After the first version of the new course was completed, I was asked to make a second course. This second course was intended for 3 months of mainly self-study with two hours of weekly contact with a teacher. This was a course intended for students who had already passed the exam and were waiting on paperwork to move to Germany. It was also intended for learners who had studied German at other language schools. They had worked with a different course, had previously passed the general telc B2 exam and now needed to learn nursing vocabulary. At the end, the plan was that this course was going to be used by about 1000 candidates.

I considered the fact that we were asked to execute this task to be a personal victory. The learners technically didn’t “need” this course for any exam or any other reason than personal benefit and satisfaction.
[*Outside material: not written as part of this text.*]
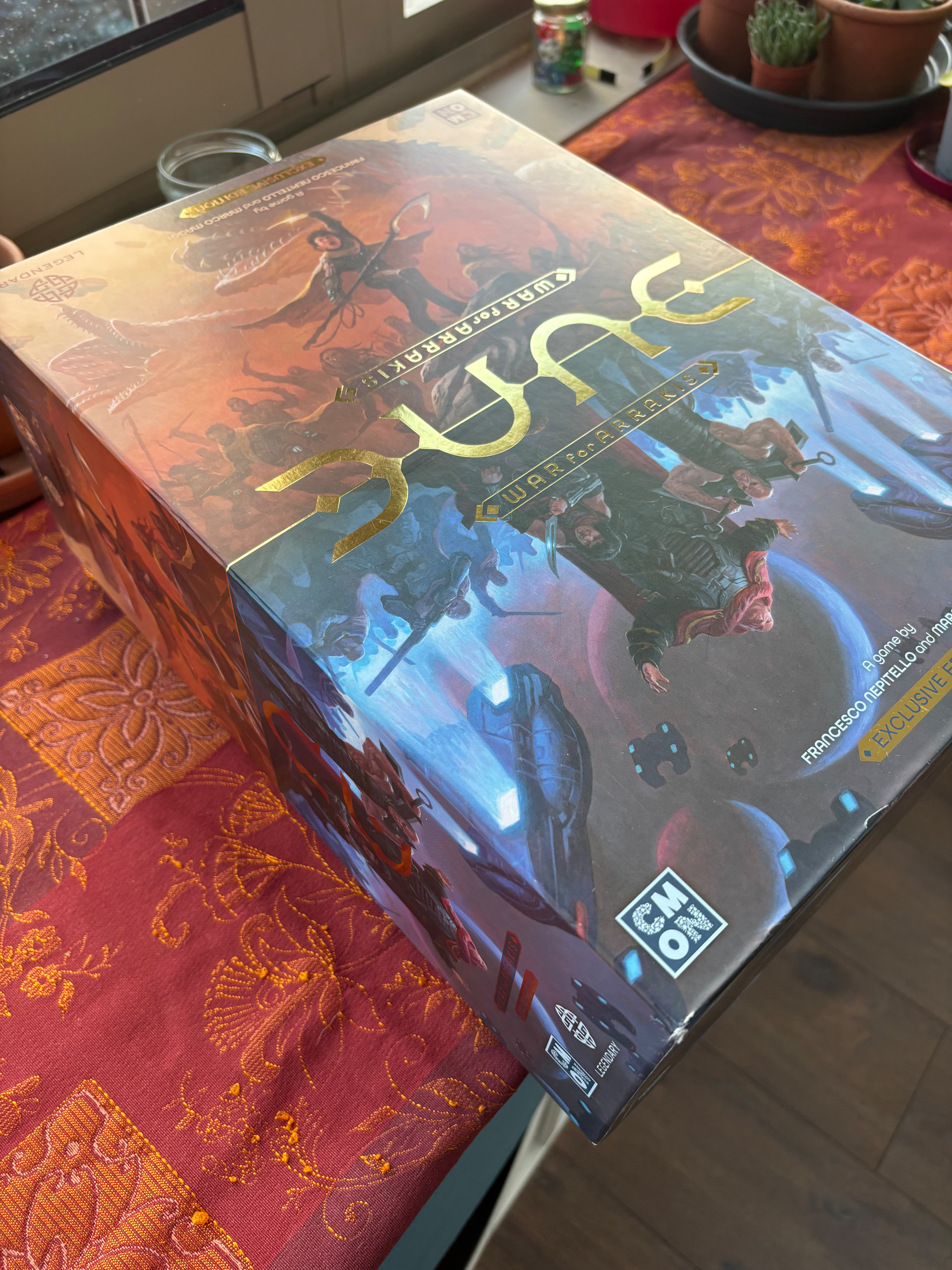 Hello, en répondant à une recherche, cela m’incite finalement à le mettre en vente… Je vends donc Dune War Of Arakis version KS, avec les extensions Space Guild et Smugglers (sous cello).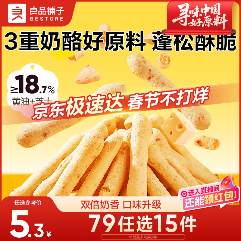 良品铺子芝士棒棒脆50g棒棒饼干手指饼干芝士味儿童休闲零食办公室小吃

It seemed to me that the company understood that the overall learning experience was about a lot more than just passing a test or acquiring the necessary knowledge to work in Germany. I also should mention that the CarePers Academy doesn’t exist anymore but thankfully, both courses are still being used in other schools and companies. 


"​I worked together with Nora on this course design for nearly a year. I was most impressed with her capability to simultaneously process feedback from various angles (teachers, students, co-workers) and develop educationally solid solutions accordingly. Throughout the process, Nora always kept her focus on the needs of our Filipino students. Our collaborative process was the very definition of great team work as there were lots of opportunities for honest criticism and good communication. Our curriculum not only improved the consistency of the company's classes but also substantially improved the candidates' success rate. Her playful approach to the work and to the curriculum design itself not only made for a very pleasant, stimulating work experience but also resulted in a colorful, intuitive curriculum that was a pleasure to use for both students and teachers. She is a true asset for any company looking for an enthusiastic, passionate designer who is able to process and structure information at a rapid pace and deliver a fantastic project in the end."